◆ **Dataset**:
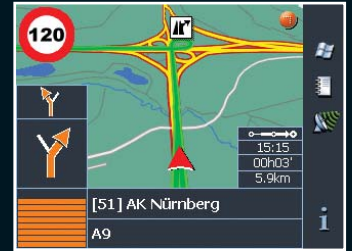
Anzeige einer SpeedInfo.
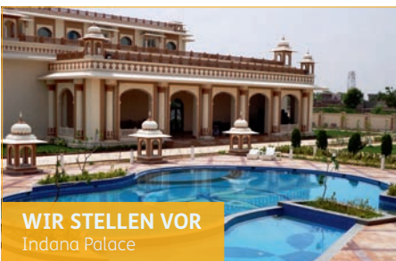
WIR STELLEN VOR Indana Palace

Fühlen Sie sich einmal wie ein Maharadscha im luxuriösen Indana Hotel in Jodhpur. Aufgrund der eindrucksvollen Architektur mit seinen Jaali-Werken, den Kuppeln und Bögen und der luxuriösen Inneneinrichtung, erinnert das Hotel an einen indischen Palast. Entspannen Sie sich im luxuriösen Spa oder genießen Sie die kulinarischen Highlights im „Anghiti“ Restaurant.
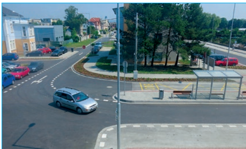
Ulice Nádražní po revitalizaci

U znovuotevření Nádražní ulice tak nechybělo stříhání pásky, přípitek a, jak už je ve Starém Městě zvykem, také požehnání od zdejšího duchovního otce Miroslava Suchomela. „Projekt obsahoval především zabezpečení zdejšího dopravní-
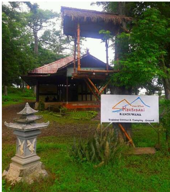
Gambar 4 : Pendopo Randuwana Learning Center
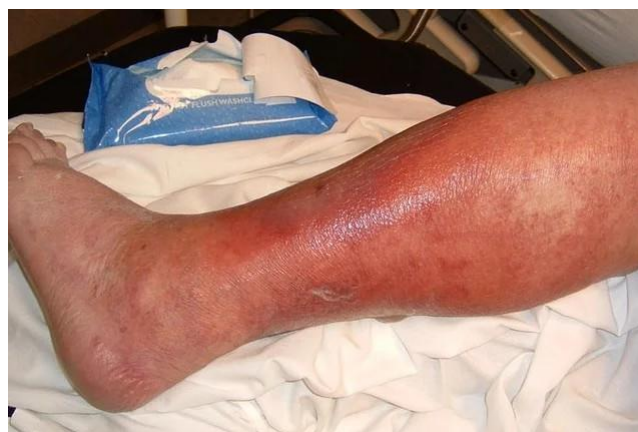
Imagen 7. Celulitis

◆ **What is being asked**: Pictures excluded, repeat the material above from its first line through the line containing "Fühlen Sie sich", both included.

◆ **Final answer**:
Anzeige einer SpeedInfo.
WIR STELLEN VOR Indana Palace

Fühlen Sie sich einmal wie ein Maharadscha im luxuriösen Indana Hotel in Jodhpur. Aufgrund der eindrucksvollen Architektur mit seinen Jaali-Werken, den Kuppeln und Bögen und der luxuriösen Inneneinrichtung, erinnert das Hotel an einen indischen Palast. Entspannen Sie sich im luxuriösen Spa oder genießen Sie die kulinarischen Highlights im „Anghiti“ Restaurant.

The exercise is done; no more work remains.